AUSTIN, Texas — The White House this week enlisted some of the world’s most powerful supercomputers in the battle against COVID-19, including the Frontera supercomputer at the Texas Advanced Computing Center (TACC) at The University of Texas at Austin.  

COVID-19 researchers have already started using Frontera, and this new designation highlights the supercomputer as a key resource within the new High Performance Computing (HPC) Consortium, a public-private partnership that will provide researchers worldwide with massive computing resources as they combat the virus.

“The consortium offers researchers an opportunity to collaborate in ways they might not have done before, such as by helping each other get their code up and running more quickly on the processors,” said Kelly Gaither, director of health analytics at TACC. “This encourages scientists from disparate specialties to link up and solve problems in new ways and to think creatively about how to incorporate supercomputers into their research.”

For more than three decades, the National Science Foundation (NSF) has been a leader in providing the computing resources the nation’s scientists need to accelerate innovation and to enable leap-ahead discoveries.

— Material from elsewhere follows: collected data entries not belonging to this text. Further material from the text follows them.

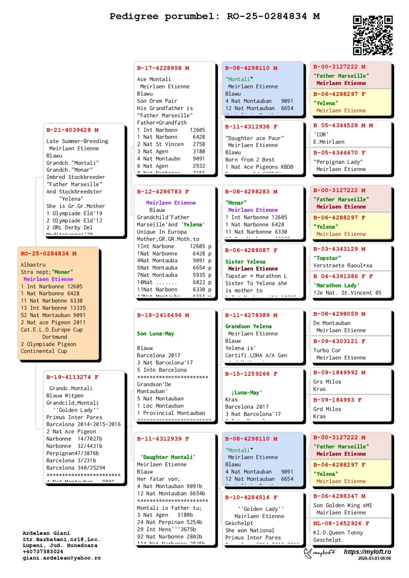 Der Beitrag von Giani Ardelean geht über seinen eigenen Schlag hinaus. Durch Kooperationen und das Teilen seiner Erfahrung trägt er dazu bei, die Standards der rumänischen Brieftaubenzucht zu erhöhen und eine neue Generation von Liebhabern zu inspirieren. Mit echter Leidenschaft, großer Erfahrung und unbeirrbarer Entschlossenheit ist er ein wahres Vorbild für Exzellenz und Durchhaltevermögen im Brieftaubensport.
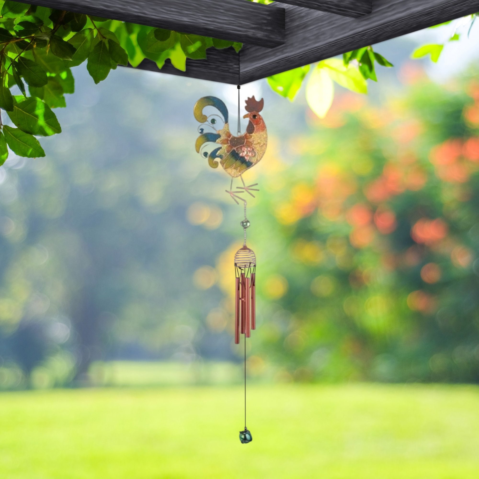 31" Long Rooster Copper and Gem Wind Chime Statue Fantasy Decoration Room/Home Decor New Home Gifts
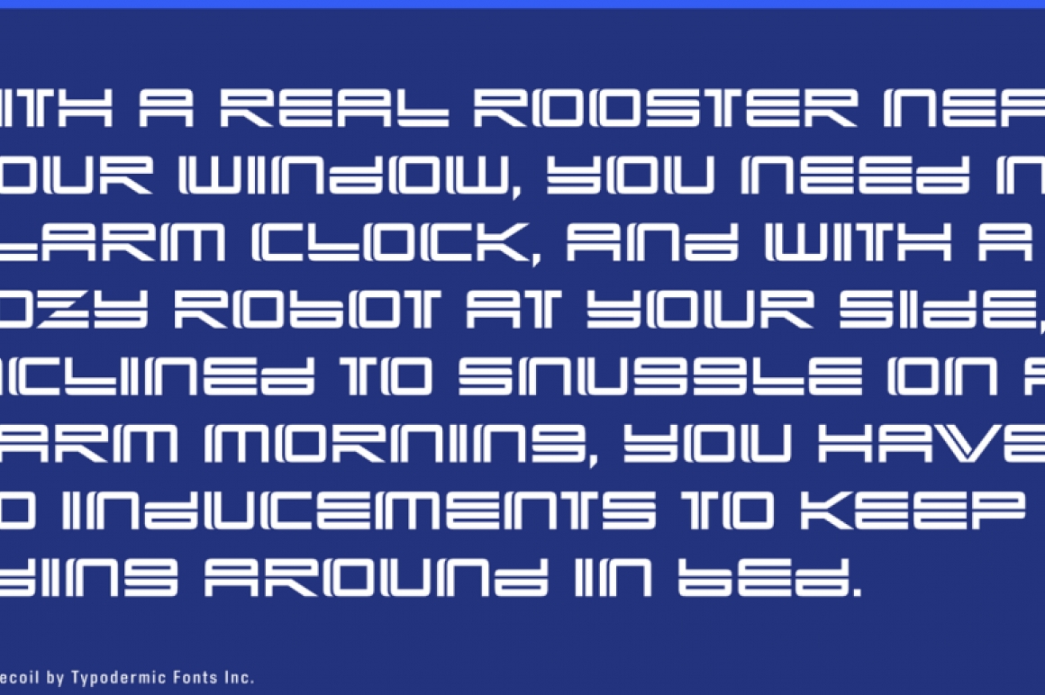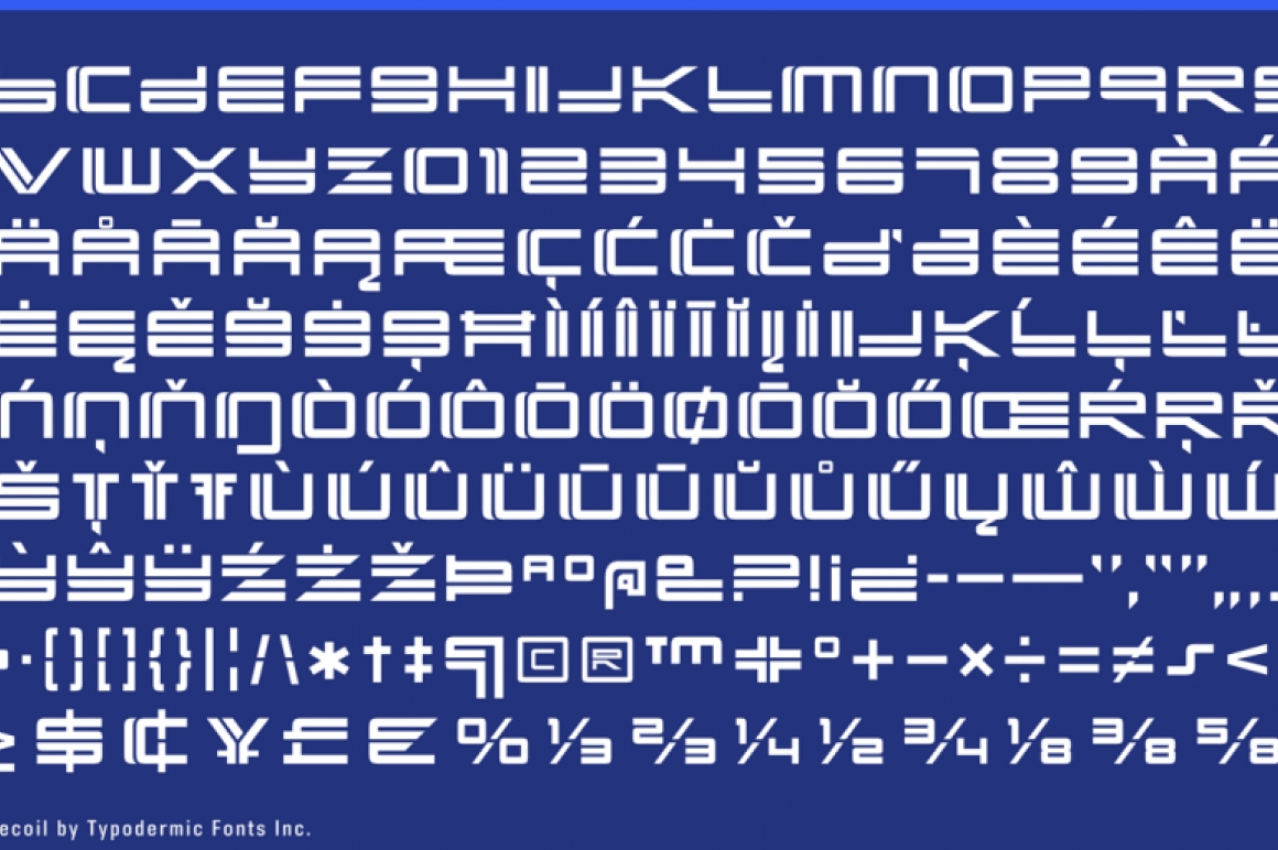 Yonder Recoil is a twin-line techno font I made in 1997. I recently redrew it with more precision and a more interesting vertical split on some letters.
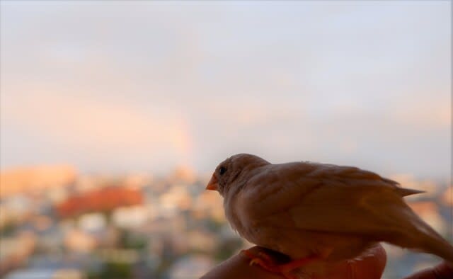 今日夕方、虹の根元が見えていたのでこぴにも見せてあげました。
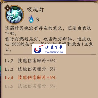 三火技能是群攻,基础伤害就有158%,加上技能升级,伤害更加可观。重要的是,被攻击的每个目标都有30%的几率被吸取1点鬼火!如果脸好的话,一口下去,吸走四五点,对面开场直接断火。

Frontera is the latest in a string of successful awards and deployments by TACC with support from the NSF.

In fact, Frontera is already affecting the fight against the pandemic. Frontera recently enabled researchers to begin to develop a 200-million-atom computer model of the coronavirus that they expect will give insight into how it infects in the body.

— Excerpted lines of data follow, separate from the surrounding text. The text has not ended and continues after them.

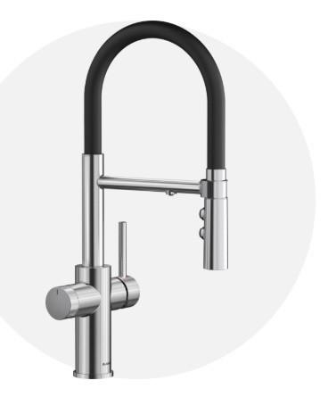 - Μπαταρία κουζίνας PVD STEEL (ματ χρωμέ) /με μαύρο εύκαμπτο σωλήνα από σιλικόνη,με 2 εξόδους νερού (1 έξοδο για φιλτραρισμένο νερό και 1 έξοδο για μίξη κρύου και ζεστού νερού με ντους 2 ροών-απλή ροή ή ψεκασμό)
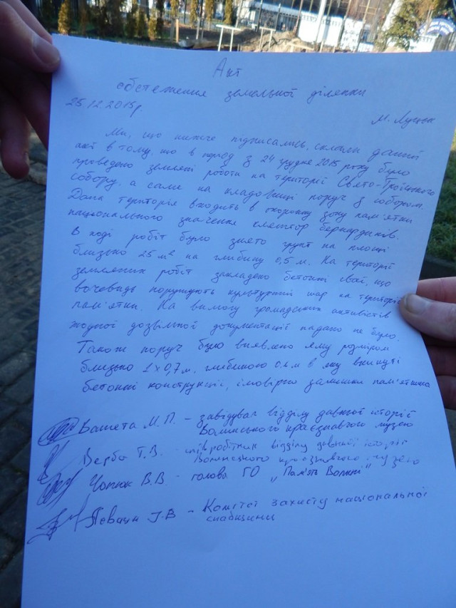 У п’ятницю, 25 грудня, у Луцьку громадські активісти, краєзнавці, депутати призупинили будівельні роботи, які велися на території Свято-Троїцького кафедрального собору, а саме на кладовищі, яке входить в охоронну зону пам’ятки національного значення.
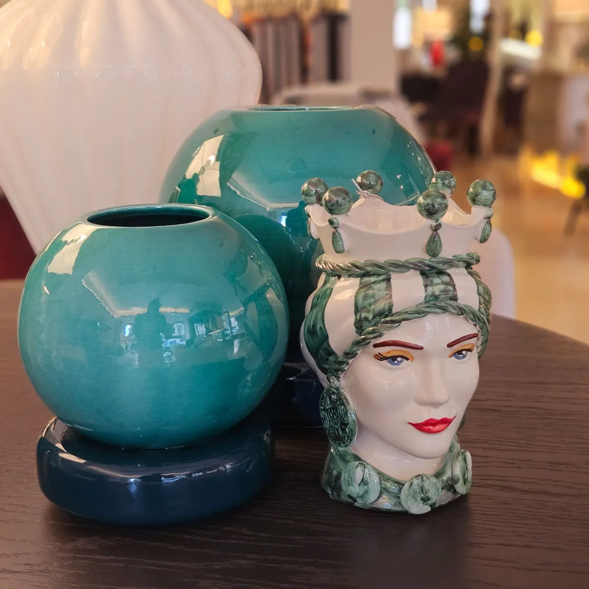 Jarrón esférico de 25cm con base bicolor de cerámica firmada Bevilacqua.
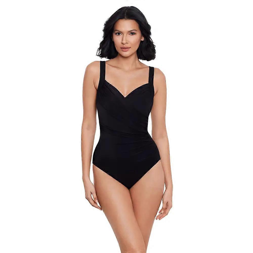 FEATURES Look 10 lbs. lighter in 10 seconds® Underwire bra V-neckline Strong tummy control Low scoopback with adjustable straps Moderate leg height Made from exclusive Miratex® fabric with LYCRA® XTRA LIFE™ Spandex Fabric composition: Body 69% Nylon, 31% LYCRA® Spandex, Drape 84% Nylon, 16% LYCRA® Spandex Model is 5'11" and wearing a size 8 The Sanibel Swimsuit in black by Miraclesuit is designed to beautifully shape and flatter your figure with the innovative Miratex® fabric that provides allover body control. Its slimming, sculpted fit includes a flattering V-neckline and underwire support for enhanced bust definition and comfort. The moderate leg cut offers just the right coverage, balancing style and modesty. Elegant front draping smooths the tummy area, discreetly shaping your silhouette to boost confidence. Perfect for those seeking a swimsuit that combines fashion with function, it’s ideal for a stylish, polished look at the pool or beach. Please note: the Miraclesuit swimwear is designed for a snug, supportive fit and has a firm control level. We recommend sizing up from your usual dress size if you prefer a more relaxed fit.

Lauren Ancel Meyers, a professor in the College of Natural Sciences at UT Austin, also used TACC’s Wrangler supercomputer to help epidemiologists model the spread of the novel virus. Based on comprehensive travel data from location-based services and modeling of the disease at TACC, Meyers and colleagues estimated there were 11,213 cases of the coronavirus in Wuhan, China, by the time of the quarantine on Jan. 22 — a rate 10 times higher than the reported cases.

Supercomputers can do in minutes or hours what regular computers do in days, months or years.

TACC, one of the leading academic supercomputing centers in the nation, has always supplied computing time for worldwide and national emergencies, such the H1N1 flu outbreak and during hurricane responses, according to Gaither.

The consortium is encouraging COVID-19 researchers to submit proposals through a central portal, which a steering committee will review in order to connect researchers with the right HPC resources.